Maja's world is filled with drama. Her parents, both highly educated academics, are exiles from Castro's Cuba who embrace London as a place for second chances, but cling to their Spanish and African roots. Her young mother is highly religious and blends Catholicism with Santeria (an African-Cuban religion), while her elderly father is seemingly an atheist. Thus, there is no surprise when her parents clash over religion and their disagreement lasts through the majority of the book. Her best friend, Amy Eleni, is a white lesbian who faces challenges dealing with her sexuality. Maja also deals with her unplanned pregnancy, her burgeoning singing career, her bohemian, film-maker boyfriend and a younger brother who is struggling to come of age as a black man in a Westernized London.

Oyeyemi writes angst into Maja's character with a longing for Cuba and her ancestors there.
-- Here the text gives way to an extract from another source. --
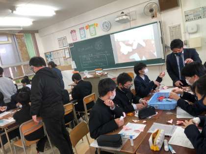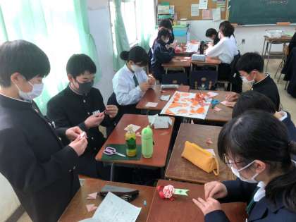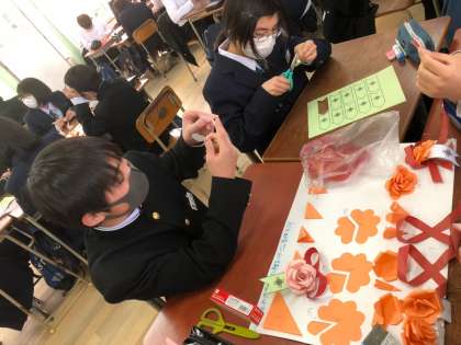 先立って、先週金曜日の放課後に、コサージュづくりの伝達講習が行われました。本日は、講習に来た小さな先生たちが各班で班員の指導にあたります。生徒は、それぞれが心を込めて作製にあたっています。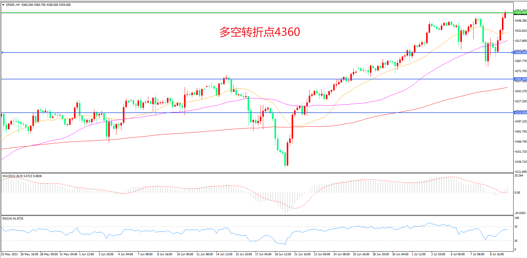 4小时图看,标普500回踩4300后强势拉升,短线表现强势,4360成为多空分水岭,均线系统呈多头排列,MACD红柱增加,RSI指标走平,日内震荡上行概率较大。

There was an attempt to draw parallels between the London-based Maja and the Lagos-based Aya; the Amy in Maja's world and an Ami in Aya's world -- but the symbolisms and allegories were quickly lost with this reader. It got to a point (midway in the novel) where I felt I needed to reread passages for clarity and understanding, but at that point, I could really care less about the characters and persevered through the narrative just to get through the story.

Honestly, if this were not a review book, I doubt if I would have had the interest and patience to finish the book. The author's writing style requires great patience on the reader's part and I found myself growing weary with the scene changes and the transitions from "reality" to the mystical "opposite" world where the story is carried in lyrical, symbolic prose (that I struggled to decipher). Initially, I was interested in Maja's world, but it quickly waned about a quarter into the book when the plot seemed to fizzle. I also really tried to connect with Aya's story, but failed miserably. The other characters (save Amy Eleni) offered nothing solid to support the plot or move the story forward. At the end of the novel, I felt no closure and was scratching my head and wondering what I had just read.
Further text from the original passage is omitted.